If your queries are constantly writing to disk, and you cannot fix your query (which is strongly recommended) or properly adjust your buffer sizes for one reason or another, you can create a memory backed file system for the tmpdir, which should allow for incredibly faster writes and reads.

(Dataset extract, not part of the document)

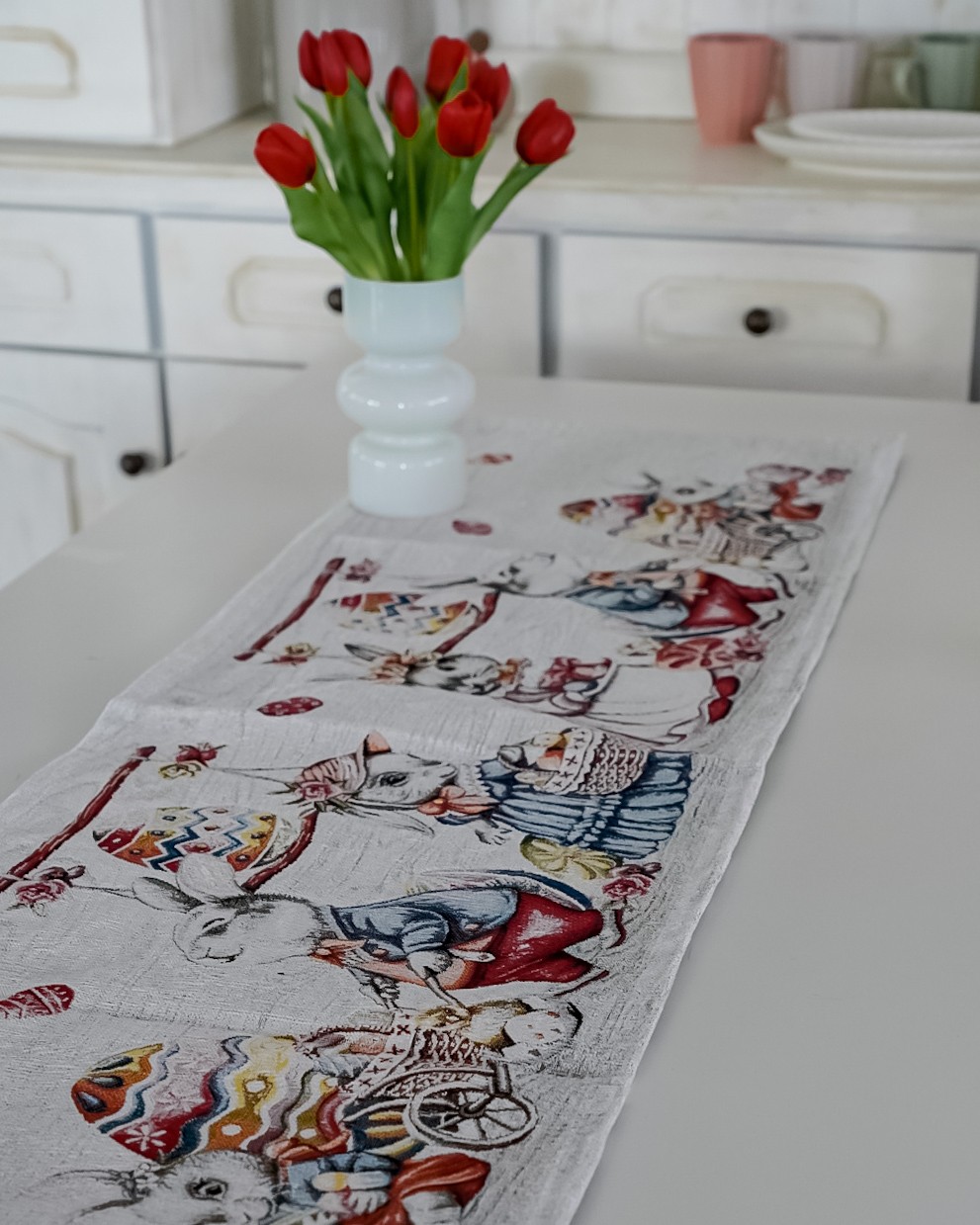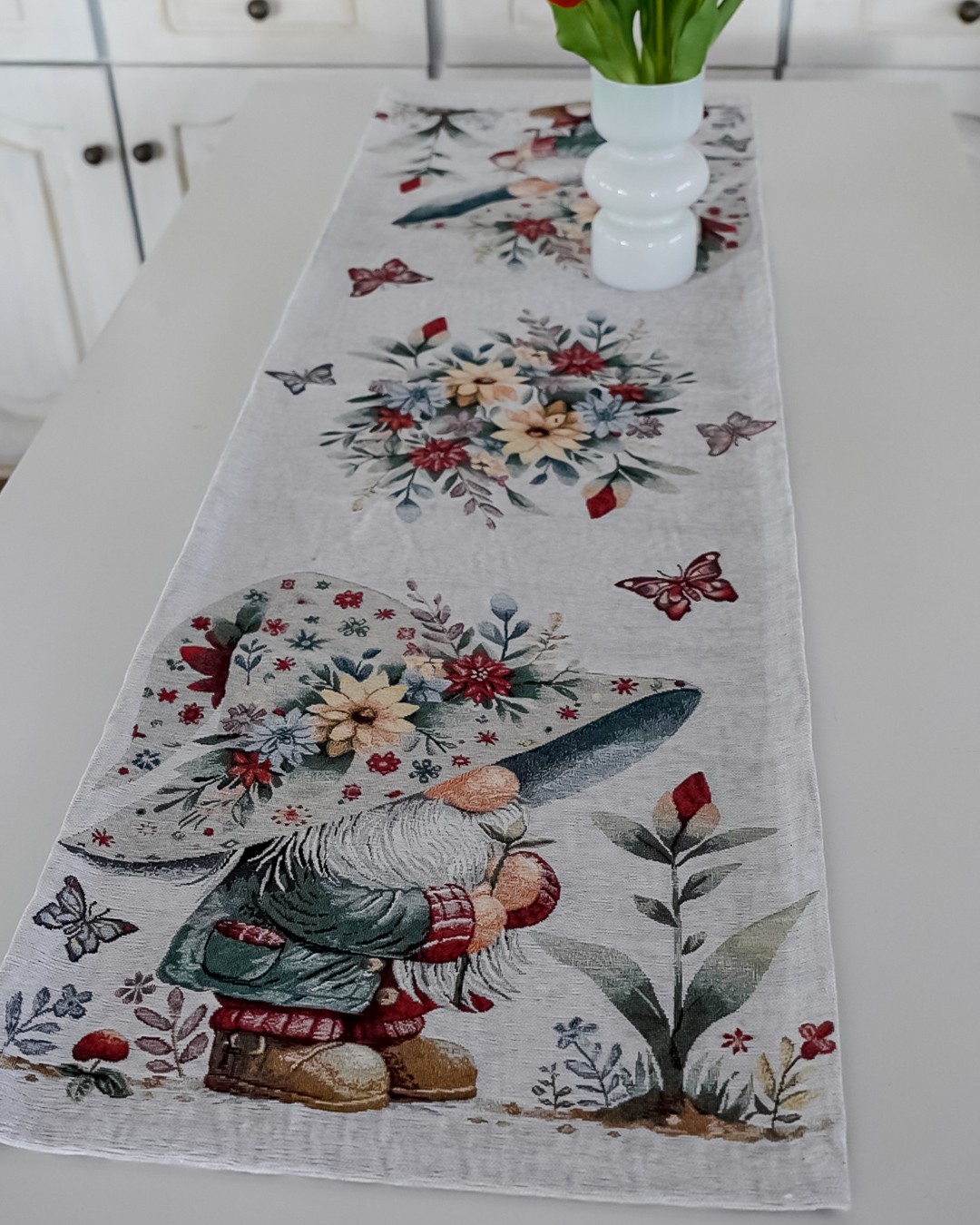 Runner in Gobelin, Tessuto jacquard cinigliato. Una linea pensata per le festività pasquali, disponibile in due modelli in due dimensioni: uno caratterizzato da coniglietti, l’altro da simpatici gnomi con fiori. Della stessa linea puoi trovare il runner e i cuscini arredo, sia quadrato che rettangolare.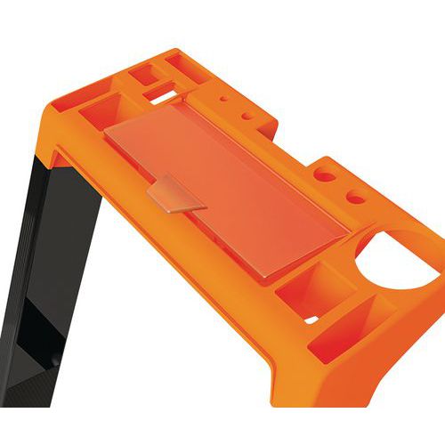 Dzięki stopniom o szerokości 110 mm, zawiasom z odlewów aluminium i wzmocnionym podłużnicom drabinki Kolos odznaczają się wytrzymałością i komfortem użytkowania. Profilowane, antypoślizgowe schodki z wytłaczanego aluminium. Jednoczęściowe zawiasy wykonane z żebrowanego, wysoce wytrzymałego odlewu aluminium. Uchwyt na narzędzia z zamknięciem. Podest 280 x 250 mm. 2 czarne pasy do modeli z 7 i 8 stopniami. Powłoka epoksydowa w kolorze antracytowo-szarym.

This should only be viewed as a temporary fix until you can get your query to stop writing its temp tables to disk.
Create the mount point:
mkdir -p /tmp/mysqltmp
Now give MySQL access to it:
chown mysql:mysql /tmp/mysqltmp
Set up the entry in /etc/fstab so it will mount on reboot:
* NOTE: Change the uid and gid to whatever MySQL runs as in /etc/passwd and /etc/group
vi /etc/fstab # Add tmpfs /tmp/mysqltmp tmpfs rw,gid=27,uid=27,size=256M,nr_inodes=10k,mode=0700 0 0
Mount the memory backed file system:
mount -a
Update /etc/my.cnf and add the variable:
tmpdir = /tmp/mysqltmp
Now, restart MySQL:
service mysql restart
Finally, confirm MySQL is now utilizing the new memory backed filesystem:
mysql mysql> show variables like '%tmpdir%'; +-------------------+----------------+ | Variable_name | Value | +-------------------+----------------+ | slave_load_tmpdir | /tmp | | tmpdir | /tmp/mysqltmp | +-------------------+----------------+ 2 rows in set (0.00 sec)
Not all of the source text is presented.